Mahkemenin, Yargıtay’ın bozma kararına uyması ile bozma kararı lehine olan taraf yararına bir usuli kazanılmış hak doğabileceği gibi, bazı konuların bozma kararı kapsamı dışında kalması yolu ile de usuli kazanılmış hak gerçekleşebilir. (Prof. Dr. Baki KURU, Usuli Müktesep Hak (Usule İlişkin Kazanılmış Hak) Dr. A. Recai Seçkin’e Armağan, Ankara Üniversitesi Hukuk Fakültesi Yayınları No. 351 Ankara, 1974, sayfa 395 vd.)
Yargıtay tarafından bozulan bir hükmün bozma kararının kapsamı dışında kalmış olan kısımları kesinleşir. Bozma kararına uymuş olan mahkeme kesinleşen bu kısımlar hakkında yeniden inceleme yaparak karar veremez. Bir başka anlatımla, kesinleşmiş bu kısımlar, lehine olan taraf yararına usuli kazanılmış hak oluşturur. (04.02.1959 gün ve 13/5 sayılı YİBK).

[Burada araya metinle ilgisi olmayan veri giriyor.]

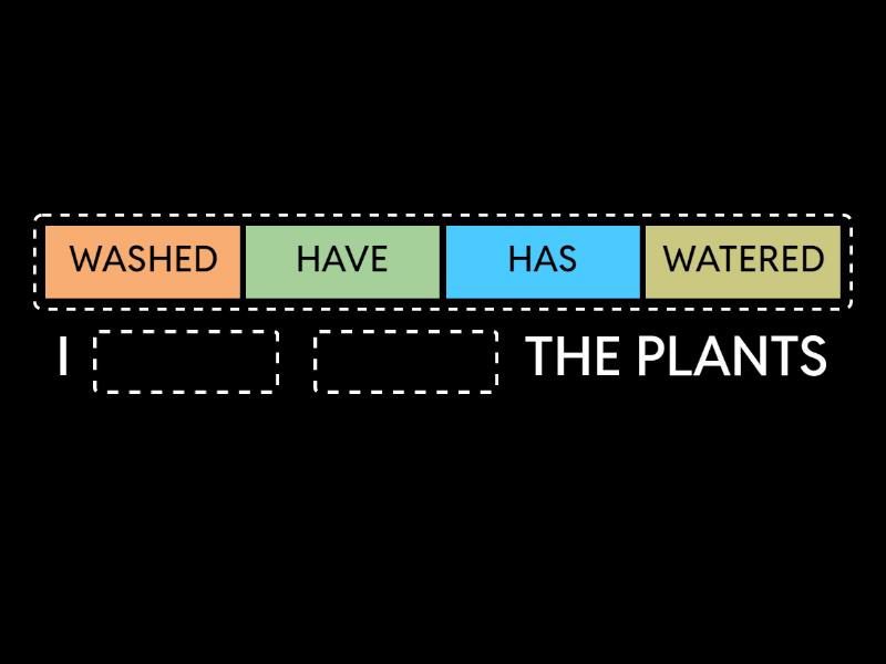 I ____ ____ THE PLANTS I ____ WASHED THE ____ WE ____ ____ THE PATIO SHE ____ CUT THE ____ SHE ____ ____ THE WINDOW THEY ____ HUNG ____ THE CLOTHES
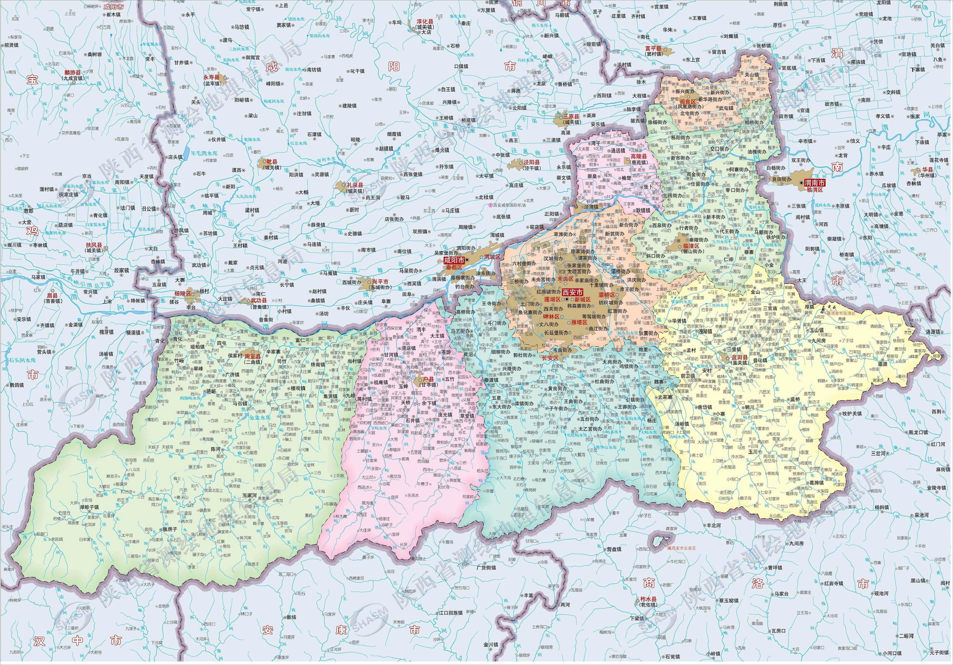 西安市位于黃河流域中部關(guān)中盆地,北臨渭河和黃土高原,南鄰秦嶺。東以零河和灞源山地為界,與渭南市華州區(qū)、商洛市商州區(qū)、洛南縣相接;西以太白山地及青化黃土臺塬為界,與眉縣、太白縣接壤;南至北秦嶺主脊,與佛坪縣、寧陜縣、柞水縣分界;北至渭河,東北跨渭河,與咸陽市區(qū)、楊凌區(qū)和三原、涇陽、興平、武功、扶風、富平等縣(市)相鄰。轄境東西長約204千米,南北寬約116千米,總面積10108平方千米。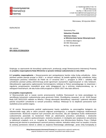ul. Siedmiogrodzka 5 lok. 51 01-204 Warszawa tel./fax. (+ 48) 22 621 51 65 e-mail: [email protected] www.interwencjaprawna.pl Warszawa, 18 stycznia 2016 r. 03/01/KS/16 Szanowny Pan Sebastian Chwałek Sekretarz Stanu w Ministerstwie Spraw Wewnętrznych ul. Stefana Batorego 5 02-591 Warszawa Nr fax.: 22 60 142 82 dot. pisma: DP-I-0231-57/2015/ECH Dziękując za zaproszenie do konsultacji społecznych, przekazuję uwagi Stowarzyszenia Interwencji Prawnej do projektu rozporządzenia Rady Ministrów w sprawie relokacji cudzoziemców w roku 2016: § 2 projektu rozporządzenia – Stowarzyszenie jest zaniepokojone bardzo niską liczbą uchodźców , które państwo polskie planuje przyjąć w 2016 r. w ramach relokacji. W świetle ogólnej liczby uchodźców, którą zobowiązani jesteśmy relokować do Polski do 17 września 2017 r., przyjęcie w 2016 r. zaledwie 400 uchodźców postawi polską administrację przed ogromnym wyzwaniem organizacyjnym w roku kolejnym. Zdecydowanie sugerujemy zaplanowanie harmonogramu relokacji w Polsce pozwalającego na stopniowe i regularne przyjmowanie niewielkich grup osób ubiegających się o ochronę międzynarodową, np. w odstępach kwartalnych, tak aby liczba osób przyjętych w 2016 i 2017 roku była zbliżona. § 3 projektu rozporządzenia 1/ Niezrozumiałe jest w naszej ocenie przeznaczenie środków finansowych na testy pozwalające na weryfikację tożsamości cudzoziemców poza granicami Polski. Chcielibyśmy zauważyć, że art. 5(10) Decyzji Rady (UE) 2015/1523 nakłada na Włochy i Grecję obowiązek identyfikacji, rejestracji i pobrania odcisków palców wszystkich uchodźców w ramach procedury relokacji. Wskazuje to na zbędność ponoszenia tych wydatków przez polskie organy. 2/ W ocenie Stowarzyszenia podział zaplanowanej kwoty wydatków na poszczególne kategorie nie odzwierciedla wagi, jaką w całym procesie odgrywa preintegracja, a następnie integracja relokowanych cudzoziemców. Skuteczne wsparcie tych procesów jest kluczowe, aby jak największa liczba relokowanych cudzoziemców pozostała na terytorium Polski po zakończeniu procedury uchodźczej i skutecznie zintegrowała się z polskim społeczeństwem. Jesteśmy świadomi, iż niezbędne jest zwiększenie zatrudnienia w niektórych urzędach, m.in. w Urzędzie ds. Cudzoziemców oraz Ministerstwie Rodziny, Pracy i Polityki Społecznej jak również w powiatowych centrach pomocy rodzinie. Jednakże należy mieć na uwadze, iż koszty te zostaną poniesione niemal w całości ze wsparcia finansowego udzielanego przez Unię Europejską w Misją Stowarzyszenia Interwencji Prawnej jest zapewnienie spójności społecznej poprzez działanie na rzecz równości wszystkich ludzi wobec prawa ul. Siedmiogrodzka 5 lok. 51 01-204 Warszawa tel./fax. (+ 48) 22 621 51 65 e-mail: [email protected] www.interwencjaprawna.pl oparciu o art. 10 Decyzji Rady (UE) 2015/1601, które przyznawane jest – jakkolwiek ryczałtem – jednak „na każdą relokowaną osobę”, co winno sugerować, iż ostatecznymi beneficjentami owych środków powinni być uchodźcy. Tymczasem zaledwie 18% tej kwoty zostanie w 2016 roku przekazanych bezpośrednio na integrację cudzoziemców. Dysproporcja taka byłaby do pewnego stopnia usprawiedliwiona, jeśli zamysłem projektodawcy było „zainwestowanie” niejako w kadrę urzędniczą w pierwszym okresie, gdy liczba osób relokowanych będzie jeszcze niewielka i można się spodziewać, że nie będzie dużej potrzeby sięgania po środki przeznaczone na integrację albowiem do końca roku toczyć się będą jeszcze procedury o nadanie ochrony międzynarodowej. Jednakże jeśli miałby być to w ocenie projektodawcy słuszny algorytm, który zostanie zastosowany również w 2017 roku w ten sposób, iż z każdych 6000 EUR przeznaczonych na jedną osobę relokowaną, przeważająca część środków będzie finansować funkcjonowanie organów administracji publicznej, w ocenie Stowarzyszenia takiego podziału nie da się usprawiedliwić. 3/ Uzasadnienie projektu rozporządzenia nie udziela odpowiedzi na pytanie, jakiego rodzaju stanowiska zostaną utworzone w ramach zwiększania zatrudnienia w organach administracji publicznej. Z ostrożności wskazujemy na konieczność zapewnienia fachowej (i pozbawionej barier językowych) pomocy psychologicznej zarówno osobom ubiegającym się o ochronę międzynarodową, jak i po jej otrzymaniu, oraz potrzebę zapewnienia osobom relokowanym wsparcia tłumaczy nie tylko w toku prowadzonych postępowań administracyjnych, ale i w codziennej komunikacji z administracją (np. w powiatowych centrach pomocy rodzinie, ośrodkach pomocy społecznej), służbą zdrowia i w innych sytuacjach życia codziennego. Przypominamy jednocześnie o roli, jaką w skutecznej integracji mogą odegrać finansowani ze środków państwowych mentorzy, jak i odpowiednio przeszkoleni doradcy zawodowi. 4/Nie znajdujemy w planowanym budżecie propozycji rozwiązania najpoważniejszego z punktu widzenia integracji problemu, z jakim borykają się przebywający w Polsce uchodźcy, czyli niemal całkowitego braku dostępu do mieszkalnictwa. Uchodźcy bardzo często są bezdomni, zagrożeni bezdomnością lub żyją w warunkach substandardowych, wynajmując najtańsze mieszkania/pokoje – przeludnione, niedoposażone, zimne, zagrzybione – które nie zaspokajają ich potrzeb mieszkaniowych, co bardzo negatywnie odbija się na ich codziennym funkcjonowaniu, w tym na możliwości zapewnienia właściwych warunków rozwoju dla dzieci1.. Takie warunki zdecydowanie zmniejszają szansę na integrację tych osób z polskim społeczeństwem. Zagwarantowanie w planie wydatków niewielkiej pozycji na pokrycie dodatków mieszkaniowych niestety nawet w najmniejszym stopniu nie rozwiązuje powyższego problemu. Prawo do dodatku mieszkaniowego przysługuje uchodźcom, o ile spełniają kryteria wynikające z ustawy o dodatkach mieszkaniowych i dotychczasowe doświadczeni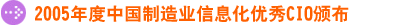 CIO是制造企业信息化建设推进者,不同的企业信息化建设的历程是不尽相同的,但是其付出的心血往往是相似的。由著名ERP专家陈启申、《中国计算机用户》常务副社长兼总编辑段永朝颁布的“2005中国制造业信息化优秀CIO”为哪些辛勤工作的CIO送上了肯定的答案和赞许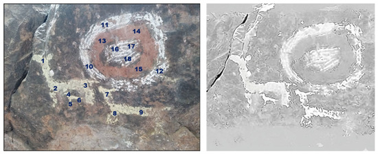 In this section, a 50 cm circle is highlighted, radiating lines reminiscent of the sun, flanked on both sides by four clear marks. The shades S3010-Y50R and S3020-Y60R were used, mixtures of yellow with a hint of red that enhance the image. Although the surface is somewhat damaged by cracks in the stone, the image remains recognizable. This recurring design in other areas of the southern Andes suggests that it may have a ritual significance related to the sun (Hostnig 2024) (see Figure 5).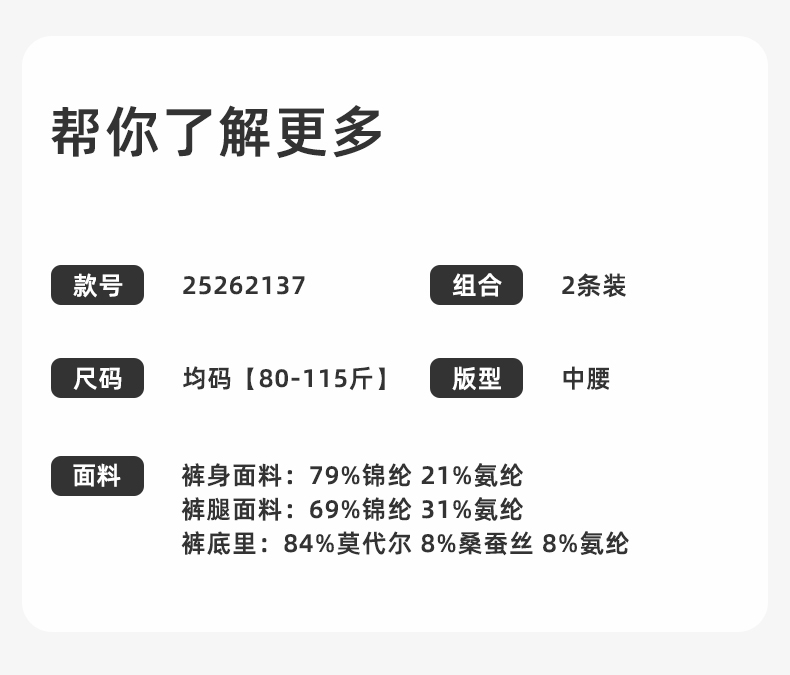 【2条装】熳洁儿 无缝安全裤防走光不卷边春夏打底裤25262137

Mahkemece Dairemizce verilen bozma kararına uyulmuş ise de, bozma gereğinin tam olarak yerine getirildiğinden bahsedilmesi mümkün değildir. Mahkemece davalı şirketin. ... Ev Aletleri...A.Ş. ile ilgisinin tespit edilebilmesi bakımından, davalı Kurumdaki tüm işyerleri sorulmak suretiyle, kazanın meydana geldiği adreste davalı şirketin işyeri, büro veya eklentilerinin bulunup bulunmadığı, aynı adreste faaliyette bulunup bulunmadıkları hususu tespit edilmeli, aynı zamanda ticaret sicili ve gerekli olması halinde defter ve belgeleri üzerinde inceleme yapılması ile aralarında işyeri devrine dair yazılı bir sözleşmenin olup olmadığı hususu da sorulmak suretiyle öncelikle husumetin kime yöneltilmesi gerektiği hususu belirlendikten sonra sonucuna göre bir karar verilmesi gerekirken, yazılı şekilde eksik araştırma ve yanılgılı değerlendirme ile hüküm kurulması isabetsizdir.
Mahkemece, açıklanan maddi ve hukuki ilkeler gözetilerek, uyulan bozma kararı gereklerine göre bir karar verilmesi gerekirken, eksik araştırma ve inceleme ile yazılı şekilde karar verilmiş olması, usul ve yasaya aykırı olup, bozma nedenidir.
O hâlde, davacı Kurum vekilinin bu yönleri amaçlayan temyiz itirazları kabul edilerek hüküm bozulmalıdır.
SONUÇ: Temyiz edilen hükmün yukarıda açıklanan nedenlerle BOZULMASINA, 28.03.2017 gününde oybirliğiyle karar verildi.